L'UE réagit: Arrester des policiers du Kosovo de Serbie, inquiétant

Le porte-parole de l'Union européenne, Peter Stano, a déclaré vendredi à Radio Free Europe que les événements récents - qui ont trait à l'interdiction de la police du Kosovo en Serbie - sont inquiétants. La Serbie, selon les autorités du Kosovo, a récemment interdit dix fonctionnaires de police du Kosovo, dont un directeur adjoint [...]
Le porte-parole de l'Union européenne, Peter Stano, a déclaré vendredi à Radio Free Europe que les événements récents - qui ont trait à l'interdiction de la police du Kosovo en Serbie - sont inquiétants.
Selon les autorités du Kosovo, la Serbie a récemment interdit dix fonctionnaires de police du Kosovo, dont un directeur adjoint de la police du Kosovo de nationalité serbe. Tous ont été libérés jusqu'au 18 avril.
La police serbe avait dit qu'elle avait été envoyée à l'entretien pour des contrôles de sécurité “.
Soulignant que tous les agents de police ont déjà été libérés, Stano a déclaré à la REL que “asters ne peuvent être retirés de la liberté que s'il est raisonnable et conforme à la procédure prévue par la loi”.

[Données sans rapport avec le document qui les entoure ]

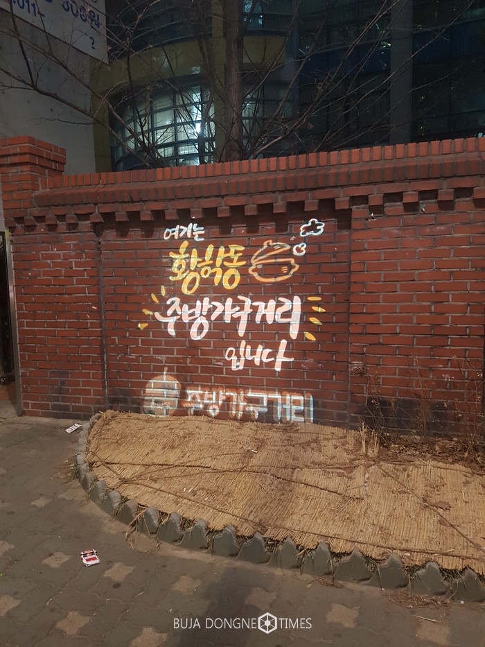 '여기는 황학동 주방가구거리입니다', '알뜰 쇼핑족의 필수코스' 등 주방가구거리임을 알리는 것부터 '오늘도 힘들었지? 수고했어', '힘내요 당신, 당신은 늘 최고니까요' 등 힐링 메시지를 담은 캘리그라피 불빛이 점포와 보도 위에 수놓여졌다.
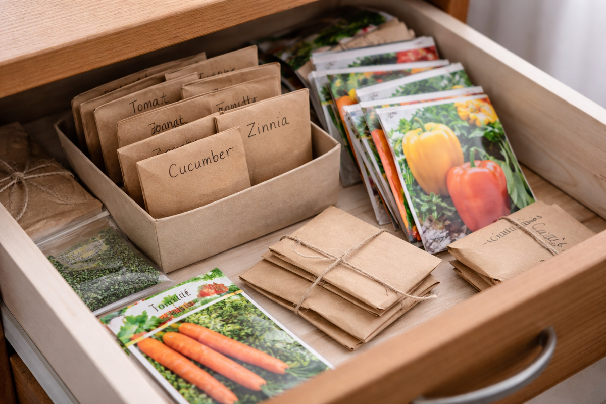 Семена чувствительны к колебаниям температуры. Они не любят охлаждать или нагреваться резкими скачками, поэтому стоит держать их вдали от кухонной зоны и батарей. Спокойная прохлада помогает сохранить энергию прорастания.

De plus, l'accord sur la liberté de circulation conclu dans le cadre du dialogue avec le soutien de l'UE définit des paramètres clairs pour l'entrée et la sortie des citoyens du Kosovo en Serbie et en provenance de la Serbie, et il doit être respecté”, a déclaré Stano.
Il a ajouté que l'UE attend des parties au dialogue qu'elles évitent tout mouvement susceptible de menacer la sécurité et la stabilité et de créer un environnement propice au développement du dialogue.
Le 17 avril, selon les autorités du Kosovo, la Serbie a interdit plus de 1 400 Kosovars pendant plus de 20 heures à ses postes frontière avec la Croatie et la Hongrie, qui passaient le transit entre la Serbie.
Le gouvernement du Kosovo a nommé ces actions La vengeance de la Serbie sur le soutien de l'Assemblée parlementaire du Conseil de l'Europe pour l'adhésion du Kosovo à l'organisation.
La Serbie a nié les accusations, affirmant que les retards avaient été causés par des mesures de sécurité supplémentaires à la frontière, et que la circulation des citoyens du Kosovo “n'avait pas été limitée”.